I have a movie script. My first job is to collect each character's lines in a dictionary.
Later I will need to put the data into a series.
Right now, I have all of the dialogue in a list, starting with the character names. It is formatted like this:
Dialogue[0] 'NAME1\n(16 whitespaces)YO, YO, good that you're here man.'
All of the names end with \n. And then all the lines of dialogue start with 16 whitespaces. I think this could be useful but im not sure how to make use of this.
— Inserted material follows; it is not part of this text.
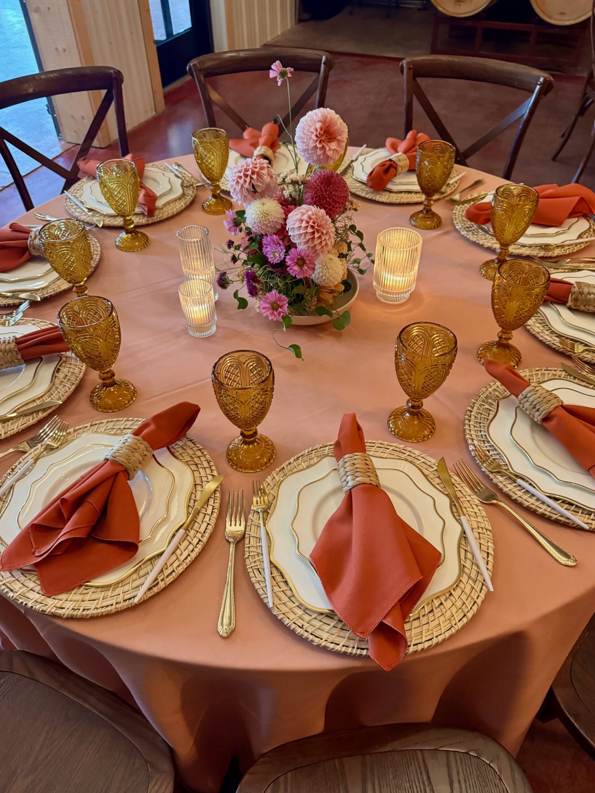 Rich autumn tones of tiger lily and burnt orange brought seasonal warmth to the tablescape, pairing beautifully with the natural textures of the winery grounds. With catering by Washington Inn Catering and event rentals by Collective Event Group, the shoot highlights how thoughtful design and collaboration can transform a winery setting into an effortlessly elegant wedding experience.

I've tried a number of things but pretty much no luck.
result = {}
for lines in dialogue:
first_token = para.split()[0]
if first_token.endswith('\n'): #this would be the name
name, line = para.split(on the new line?)
name = name.strip()
if name not in result:
result[name] = []
result[name].append(line)
return result
This code gives me a whole load of errors, so i dont think its useful to list them here.
Ideally I need each character as the first key in the dictionary and then all of their lines as the data.
Something like this:
Name1:[Line1, Line2, Line3...] Name2:[Line1, Line2, Line3...]
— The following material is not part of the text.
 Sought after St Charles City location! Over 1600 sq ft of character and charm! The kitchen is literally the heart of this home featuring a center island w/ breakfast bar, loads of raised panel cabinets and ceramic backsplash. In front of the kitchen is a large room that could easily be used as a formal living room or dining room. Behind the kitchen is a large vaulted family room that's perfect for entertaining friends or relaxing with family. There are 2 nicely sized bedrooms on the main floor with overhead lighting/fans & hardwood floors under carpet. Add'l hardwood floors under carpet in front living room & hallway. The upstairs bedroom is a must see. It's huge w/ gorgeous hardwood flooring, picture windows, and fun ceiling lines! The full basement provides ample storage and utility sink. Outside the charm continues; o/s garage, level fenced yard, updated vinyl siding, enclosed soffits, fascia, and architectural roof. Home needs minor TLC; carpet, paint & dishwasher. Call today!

EDIT: Some of the character names have two words
EDIT 2: Maybe it would be easier to go back to the original movie script text file.
It is formatted like this:
NAME1
Yo, Yo, good that you're here
man.
NAME2
(Laughing)
I don't think that's good! We were
at the club, smoking, laughing -- doing
stuff.
EDIT: added spaces in name regex, strip name whitespace
import re
lines = [
"Dialogue[0] 'NAME1 \n YO, YO, good that you're here man.'",
"Dialogue[1] 'NAME 1\n YO, YO, ",
"Dialogue[2] 'NAME2\n YO, YO, good that ",
"Dialogue[3] 'NAME2\n YO, YO, good that you're here'",
]
regex = h = re.compile("'([A-Z 0-9]+)\n[ ]{16}(.+)")
lineslist = [re.findall(regex, line) for line in lines]
lineslist = [ match[0] for match in lineslist if len(match)]
keys = [l[0].strip() for l in lineslist]
result = {k:[] for k in set(keys)}
[result[l[0].strip()].append(l[1]) for l in lineslist]
result
Output:
{'NAME 1': ['YO, YO, '],
'NAME1': ["YO, YO, good that you're here man.'"],
'NAME2': ['YO, YO, good that ', "YO, YO, good that you're here'"]}